Outside of the period between 1931 to 1950, I was repeatedly struck by the judicious and nuanced argument that Townson employed. He provides an excellent survey of the post-1998 period up to and including the dictatorship of Primo de Rivera. Yet when we reach 1931, Townson seems to feel the need to challenge all leftist interpretations of the Second Republic, the Civil War and early Francoism. Perhaps this can be interpreted as an intent on his part to provide a non-partisan account of these three periods and incorporate much of the valuable historiography of recent decades. We are informed in detail that the Second Republic was not the model democratic experiment it has been made out to be. Some of this seems to be reiterating a critique that is now widely accepted among historians, as I do not know of any contemporary historian of Spain who would claim the Republican experiment was beyond critique and that it represented some democratic idyll. It is hardly surprising that a new political experiment made mistakes, both major and minor. If the Second Republic is given a psychosocial and political memorialisation in Spain today, it is because it is deemed to be both a great improvement on what went before and of course, of what came after 1939. It is remembered because it represents something of value. That the new ruling elites of the Second Republic were inexperienced, had contradictory ambitions, exhibited rhetorical radicalism but pragmatic practice, is hardly novel. For example, we are told that after the elections of February 1936, we see «the determination of the workers to attract revenge for the repression of 1934-1935» (p. 184). Yet we are not informed what was the nature of this revenge. Again, no one today disputes that what happened at Paracuellos was a war crime though many would challenge the view of Townson that most of the International Brigaders were «Stalinists» (p. 248).

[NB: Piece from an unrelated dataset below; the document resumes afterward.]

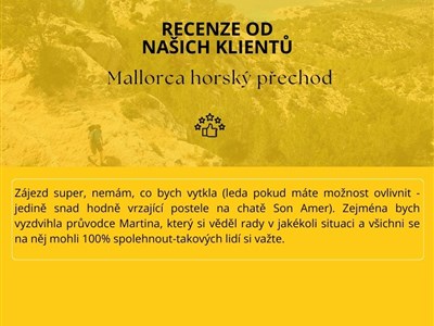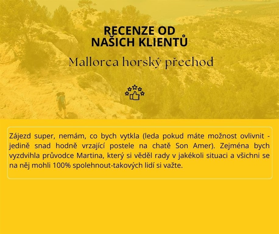 ZavazadloJednoznačně doporučujeme dobrý batoh, do kterého se vám vše pohodlně vejde a který se dobře nosí. Vzhledem k ubytování na horských chatách je optimální objem cca 40 l.SkupinaTento zájezd je určen pro komorní skupinu, maximální kapacita je 14 účastníků + 1 průvodce.KapesnéDoporučujeme mít u sebe alespoň 250 EUR/osobu na dokupování potravin, posezení v místních hospůdkách, na vstupy do památek, pohledy, suvenýry, ale hlavně jako krizovou rezervu.Cestovní dokladyPro cestu na Mallorcu nám stačí platný občanský průkaz.Ostatní podrobné pokyny k zájezdu (tzv. rodokaps) obdržíte v dostatečném předstihu tak, abyste se mohli na zájezd v klidu připravit. Nejpozději však týden před odjezdem.

I noted earlier that Townson does a strong work of comparison throughout. We are informed that post-war Spain was hungry but so were other European countries, including post-WWII Germany, Greece and the Netherlands. Whilst we are given exact numbers of those who died of starvation in these instances, a figure of deaths by starvation in Spain in the 1940s is strikingly absent. We are also told in detail about the legal procedures that marked Francoist repression. Whether a legal machinery provided the framework for mass executions or these were extra-judicial, or in the case of Spain, some combination of both, seems to be the least important aspect of the repressive process. This was an artificially constructed jurisprudence of a new regime that imposed its system and interpretation of justice and used the law as a weapon of violence. Whilst Francoist Spain employed a veneer of its own legality to its procedures, this would have been little comfort to those it executed.

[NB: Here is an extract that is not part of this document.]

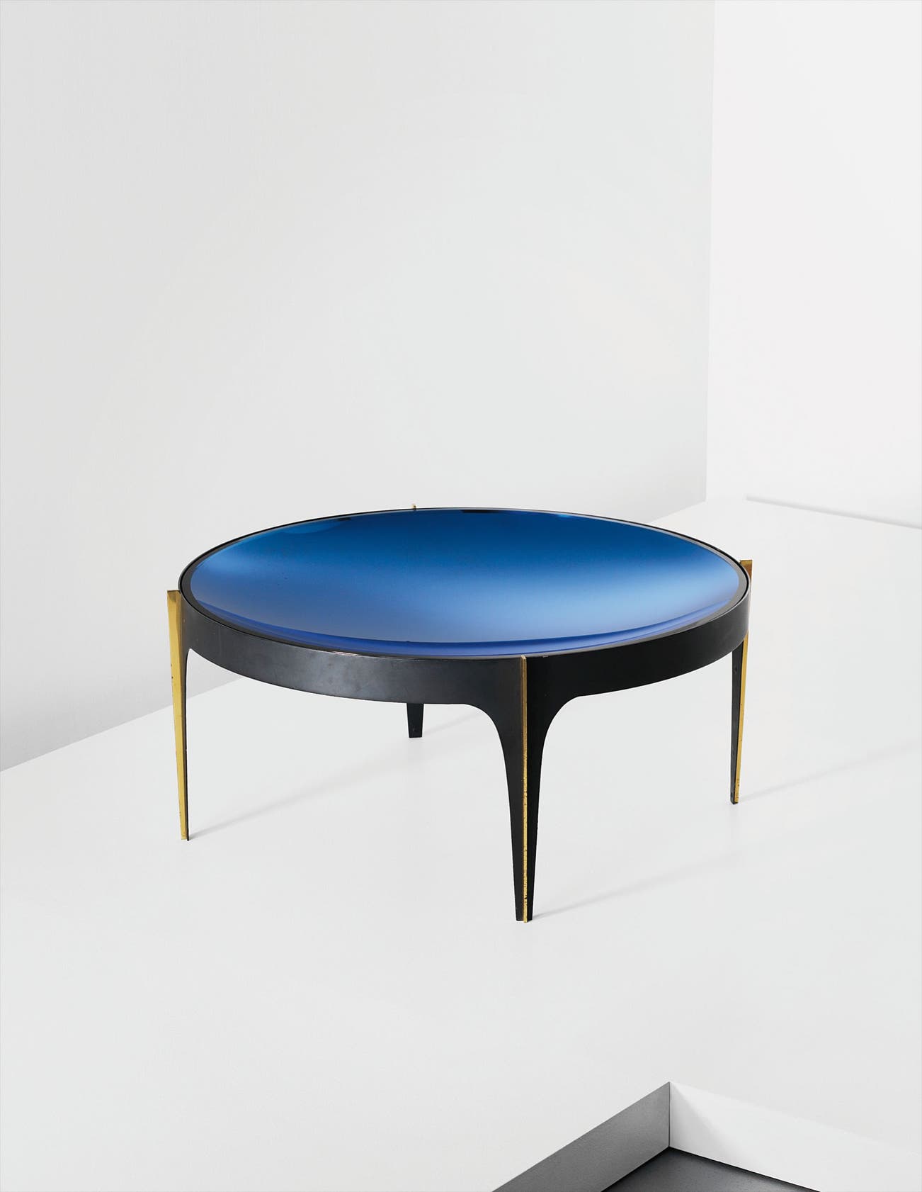 Coloured mirrored convex glass, glass, painted metal, brass.

Once we leave early Francoism, the book returns to a perceptive survey of mid and late Francoism, the transition and beyond, which makes even more jarring some of the puzzling interventions Townson makes of the period 1931-1950. We are left with a volume that is valuable and deserves to be read. Between 1898 and 1930, and again from around 1950 to the present, Townson often produces outstanding work. However, his more partisan interventions, seemingly positioned against a perceived dominant leftist narrative of the Republic, Civil War, and Francoist repression, detract from the balance of the volume, preventing it from becoming the definitive successor to Carr’s account for English-speaking readers.